[Python-Dev] Mysterious Python pyc file corruption problems
brett at python.org
Thu May 16 23:30:26 CEST 2013
On Thu, May 16, 2013 at 5:19 PM, Guido van Rossum <guido at python.org> wrote:
> This reminds me of the following bug, which can happen when two
> processes are both writing the .pyc file and a third is reading it.
> First some background.
> When writing a .pyc file, we use the following strategy:
> - open the file for writing
> - write a dummy header (four null bytes)
> - write the .py file's mtime
> - write the marshalled code object
> - replace the dummy heaer with the correct magic word
Just so people know, this is how we used to do it. In importlib we
write the entire file to a temp file and then to an atomic rename.
> Even py_compile.py (used by compileall.py) uses this strategy.
py_compile as of Python 3.4 now just uses importlib directly, so it
matches its semantics.
> When reading a .pyc file, we ignore it when the magic word isn't there
> (or when the mtime doesn't match that of the .py file exactly), and
> then we will write it back like described above.
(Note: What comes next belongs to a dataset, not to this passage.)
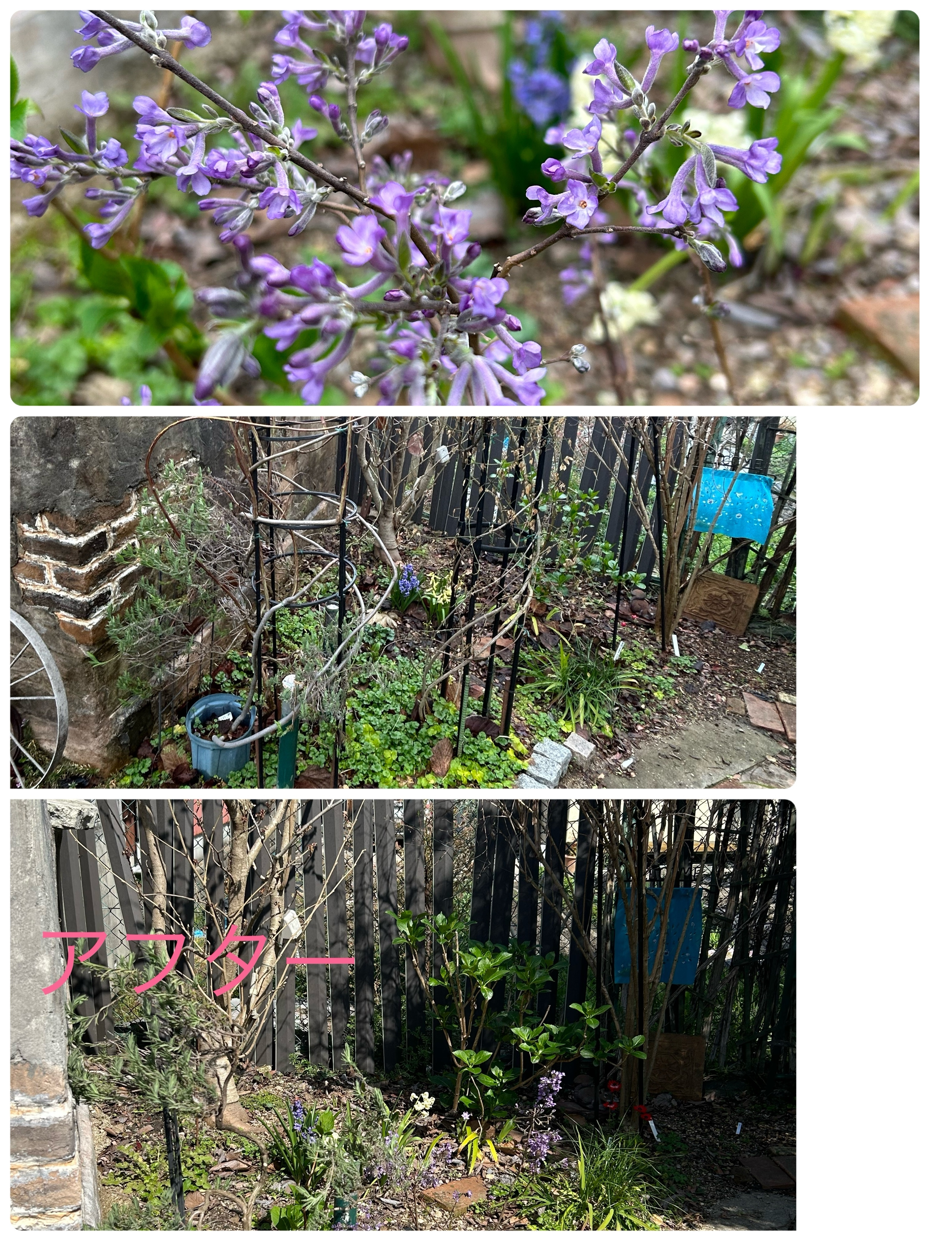 トップ > グリーン > アフターの後に移植した丁子桜 亜月 2024/04/01 10:12 アフターの後に移植した丁子桜 へとへとになって、頑張った昨日。コッツウォルズ小屋の右にあった、二つの蔓性の藤とカズラを撤去したのち、土を新しく客土してから、旅行先の吉野山で見つけた、丁子桜🌸をうえつけしました。 パープルの優しい小花の桜で、背丈もあまり伸びません。 この場所の方が日当たりが良くて、きっと逞しく成長してくれることを期待しています。👀🥰 亜月のガーデン物語り🪴 いいね 共有する 共有する X LINE リンクをコピー コメントする 0 件の返信 (新着順)

> Now consider the following scenario. It involves *three* processes.
> - Two unrelated processes both start and want to import the same module.
> - They both see the .pyc file is missing/corrupt and decide to write it.
> - The first process finishing writing the file, writing the correct header.
> - Now a third process wants to import the module, sees the valid
> header, and starts reading the file.
> - However, while this is going on, the second process gets ready to
> write the file.
> - The second process truncates the file, writes the dummy header, and
> then stalls.
> - At this point the third process (which thought it was reading a
> valid file) sees an unexpected EOF because the file has been
> Now, this would explain the EOFError, but not necessarily the
> ValueError with "unknown type code". However, it looks like marshal
> doesn't always check for EOF immediately (sometimes it calls getc()
> without checking the result, and sometimes it doesn't check the error
> state after calling r_string()), so I think all the errors are
> actually explainable from this scenario.